Слишком хорошо, чтобы быть правдой (2) - Эльберг Анастасия Ильинична (чтение книг TXT) 📗
Ведь существует множество вещей, о которых брату рассказывать просто-напросто противопоказано. Как найти в себе силы для того, чтобы сообщить о позорном проигрыше в очередных соревнованиях? Или же поделиться страшной тайной – рассказать о ненависти к школьным урокам спорта (а я их ох как ненавидел – хотя бы потому, что мы постоянно делали одно и то же, и повторяющиеся упражнения очень быстро надоедали)? С братом, как с мужчиной, можно говорить только о победах. А вот сестре можно рассказать всё – она поймёт и поддержит.
Но в семье я, увы, был единственным ребёнком. И совсем не просто так. У моего отца было двое младших братьев – и он отлично знал, какие испытания выпадают на долю самого старшего. И, хотя его братья не добились в жизни такого успеха, как он (один из них был банкиром средней руки, второй – ювелиром с достатком гораздо ниже среднего), отец не верил в то, что эти "семейные сложности" формируют характер ребёнка и закаляют его волю.

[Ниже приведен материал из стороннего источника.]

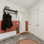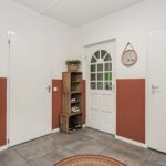 Entree, ruime hal met tegelvloer, gestucte wanden, brede en vaste kastenwand, meterkast modern afgewerkte toiletruimte met hangend closet en fonteintje en deur naar de grote inpandige berging, die is voorzien van de wasmachine- en drogeraansluiting en de CV-opstelling.
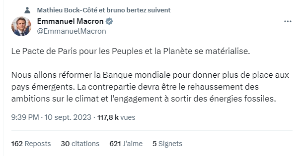 Mais Emmanuel Macron persiste à faire du chantage à l’aide au développement. Pas question de démocratie cette fois-ci mais de… réchauffement climatique.

– У меня будет единственный сын, – говорил он маме. – И я отдам ему всё, что у меня есть. Всё, что я смогу ему отдать. И не буду размениваться на других.
Не знаю, что по этому поводу думала мама – во всяком случае, с отцом она никогда не спорила. Не хотела или же просто не могла – для того, чтобы с ним спорить, нужно было иметь большую смелость.
Когда мама была на пятом месяце беременности, то её подруга, большой "знаток" по части определения пола ребёнка, сказала:
– Дорогая, у тебя будет девочка! По всему видно!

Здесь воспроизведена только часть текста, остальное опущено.